“Well, there are such a jolly lot of things there,” he defended himself. “Boche helmets—I’ve got three beauties—and belts, and buckles, and things. People at home like ’em.”

“Presumably people at home like you,” Anstruther said. “But they certainly won’t have you to like if you do it, and it’s possible their affection might even wane for a German helmet that had cost you your scalp. Verboten, Meadows; that’s good German, at any rate. Understand?”

Wally assented meekly. Jim Linton, apparently sublimely unconscious of the conversation, sighed with relief. His chum’s adventurous expeditions had caused him no little anxiety, especially as they were undertaken at a time when his own duties prevented his keeping an eye on the younger boy—which would probably have ended in his accompanying him. From childhood, Jim and Wally had been accustomed to do things in pairs: a habit which had persisted even to sending them together from Australia to join the Army, since Wally was too young for the Australian forces. England was willing to take boys of seventeen; therefore it was manifestly out of the question that Jim should join anywhere but in England, despite his nineteen years. And as Jim’s father and sister were also willing to come to England, the matter had arranged itself as a family affair. Wally Meadows was an orphan, and the Linton family had long included him on a permanent, if informal, basis.

“It’s jolly to get V.C.’s and medals and other ironmongery,” Anstruther was saying; “but I’d like to be the chap who organized the Toy Band on the retreat from Mons. He was a Staff officer, and he found the remains of a regiment, several hundred strong, straggling through a village, just dead beat. The Germans were close on their heels; the British had no officers left, and had quite given up. The Staff chap called on them to make another effort to save themselves, but they wouldn’t—they had been on the run for days, were half-starved, worn out: they didn’t care what happened to them. The officer was at his wits’ end what to do, when his eye fell on a little bit of a shop—you know the usual French village store, with all sorts of stuff in the window: and there he saw some toy drums and penny whistles. He darted in and bought some: came out and induced two or three of the less exhausted men to play them—it’s said he piped on one penny whistle himself, only he won’t admit it now. But you know what the tap of a drum will do on a route-march when the men are getting tired. He roused the whole regiment with his fourpence-worth of band and brought them back to their brigade next day—never lost a man!”

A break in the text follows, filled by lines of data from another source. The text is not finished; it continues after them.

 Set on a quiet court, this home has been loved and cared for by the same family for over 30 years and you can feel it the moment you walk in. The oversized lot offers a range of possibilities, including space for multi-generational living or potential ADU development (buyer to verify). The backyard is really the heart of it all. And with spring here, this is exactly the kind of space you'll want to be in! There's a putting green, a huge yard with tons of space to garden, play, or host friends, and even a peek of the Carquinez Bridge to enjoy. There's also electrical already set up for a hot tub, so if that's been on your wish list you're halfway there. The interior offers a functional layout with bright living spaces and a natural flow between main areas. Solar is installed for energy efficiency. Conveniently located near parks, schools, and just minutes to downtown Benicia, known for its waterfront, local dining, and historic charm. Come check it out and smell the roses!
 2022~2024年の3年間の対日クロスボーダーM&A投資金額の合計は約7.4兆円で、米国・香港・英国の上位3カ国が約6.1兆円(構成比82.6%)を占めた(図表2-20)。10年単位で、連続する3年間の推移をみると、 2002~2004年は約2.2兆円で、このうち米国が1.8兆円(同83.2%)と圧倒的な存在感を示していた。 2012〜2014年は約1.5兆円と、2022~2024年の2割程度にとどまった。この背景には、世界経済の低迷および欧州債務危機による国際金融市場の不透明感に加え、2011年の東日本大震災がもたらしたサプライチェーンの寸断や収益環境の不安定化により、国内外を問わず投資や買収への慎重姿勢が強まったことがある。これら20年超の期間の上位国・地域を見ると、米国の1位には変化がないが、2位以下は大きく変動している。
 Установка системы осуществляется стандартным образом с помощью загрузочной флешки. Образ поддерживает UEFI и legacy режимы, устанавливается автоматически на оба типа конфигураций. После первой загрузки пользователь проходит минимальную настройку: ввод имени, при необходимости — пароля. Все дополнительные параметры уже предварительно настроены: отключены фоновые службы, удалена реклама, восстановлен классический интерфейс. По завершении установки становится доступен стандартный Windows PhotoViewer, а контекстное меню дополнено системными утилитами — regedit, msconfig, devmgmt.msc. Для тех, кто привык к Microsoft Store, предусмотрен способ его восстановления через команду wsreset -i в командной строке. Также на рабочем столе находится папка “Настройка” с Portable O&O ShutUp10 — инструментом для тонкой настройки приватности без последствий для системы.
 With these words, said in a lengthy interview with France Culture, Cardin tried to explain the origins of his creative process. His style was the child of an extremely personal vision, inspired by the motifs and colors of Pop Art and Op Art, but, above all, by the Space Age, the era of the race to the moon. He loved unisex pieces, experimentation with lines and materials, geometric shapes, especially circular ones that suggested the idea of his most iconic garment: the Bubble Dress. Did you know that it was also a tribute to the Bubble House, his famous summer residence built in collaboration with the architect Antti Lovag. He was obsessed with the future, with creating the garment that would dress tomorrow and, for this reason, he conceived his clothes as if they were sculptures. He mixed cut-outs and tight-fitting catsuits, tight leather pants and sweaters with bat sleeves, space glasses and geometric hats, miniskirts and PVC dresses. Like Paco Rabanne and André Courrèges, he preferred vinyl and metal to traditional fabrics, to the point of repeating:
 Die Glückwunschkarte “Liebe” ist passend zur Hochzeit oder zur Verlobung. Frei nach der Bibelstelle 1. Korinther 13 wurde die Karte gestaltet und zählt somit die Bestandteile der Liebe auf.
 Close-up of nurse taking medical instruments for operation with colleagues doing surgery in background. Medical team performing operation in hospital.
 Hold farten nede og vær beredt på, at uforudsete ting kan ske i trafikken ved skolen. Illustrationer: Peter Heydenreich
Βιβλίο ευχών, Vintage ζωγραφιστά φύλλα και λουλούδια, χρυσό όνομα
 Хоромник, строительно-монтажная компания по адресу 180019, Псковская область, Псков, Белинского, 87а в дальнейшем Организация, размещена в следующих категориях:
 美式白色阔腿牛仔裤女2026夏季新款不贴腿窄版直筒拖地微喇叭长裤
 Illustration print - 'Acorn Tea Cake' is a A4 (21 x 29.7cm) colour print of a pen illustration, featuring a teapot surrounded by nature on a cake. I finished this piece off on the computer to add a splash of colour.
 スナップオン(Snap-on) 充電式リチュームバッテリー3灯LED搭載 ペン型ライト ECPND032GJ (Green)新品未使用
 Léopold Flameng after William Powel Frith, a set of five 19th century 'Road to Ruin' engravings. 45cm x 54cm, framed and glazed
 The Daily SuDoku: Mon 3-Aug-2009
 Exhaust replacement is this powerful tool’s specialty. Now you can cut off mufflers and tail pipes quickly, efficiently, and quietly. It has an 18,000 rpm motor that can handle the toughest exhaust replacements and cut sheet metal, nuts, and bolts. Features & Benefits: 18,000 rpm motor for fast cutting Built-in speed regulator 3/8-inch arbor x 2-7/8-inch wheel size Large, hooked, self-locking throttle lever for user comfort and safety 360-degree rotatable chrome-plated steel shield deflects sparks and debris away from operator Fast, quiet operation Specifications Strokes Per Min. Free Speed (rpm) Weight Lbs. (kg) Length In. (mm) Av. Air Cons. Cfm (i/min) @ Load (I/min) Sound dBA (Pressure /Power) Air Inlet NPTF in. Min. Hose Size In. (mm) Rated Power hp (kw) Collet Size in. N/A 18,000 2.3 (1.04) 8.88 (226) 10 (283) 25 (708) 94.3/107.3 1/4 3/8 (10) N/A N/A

“Jolly good work,” said Blake.

“He won’t get anything for it, of course,” said Anstruther. “You don’t get medals for playing tin whistles; and anyhow, there was no one to report it. But—yes, I’d like to have been that chap.” He rose and stretched himself, taking advantage of a section of undamaged parapet. “Brother Boche is rather late in beginning his hate this morning, don’t you think?”

“Perhaps he’s given up hating as a bad job,” Wally suggested.

“We’ll miss the dear old thing if he really means to leave us alone,” said Anstruther. “Just as well if he does, though: our line is painfully thin, and it’s evident to anyone that our guns are short of ammunition: we’re giving them about one shell to twenty of theirs. And don’t they know it! They send us enormous doses of high-explosive shells, and in return we tickle them feebly with a little shrapnel. They must chuckle!”

“I suppose England will wake up and make munitions for us when we’re all wiped out,” said Garrett, scornfully. “They’re awfully cheery over there: theatres and restaurants packed, business as usual, bull-dog grit, and all the rest of it: Parliament yapping happily, and strikes twice a week. And our chaps trying to fight for ’em, and dying for want of ammunition to do it with. I suppose they think we’re rather lazy not to make it in our spare time!”

“I’m afraid they won’t appoint me dictator just yet,” Blake remarked. “If they would, I’d have every striker and slacker out here: not to fight, but to mend barbed-wire, clean up trenches, and do the general dirty work. First-rate tonic for a disgruntled mind. And I’d send what was left of them to the end of the world afterwards. Will you have them in Australia, Linton?”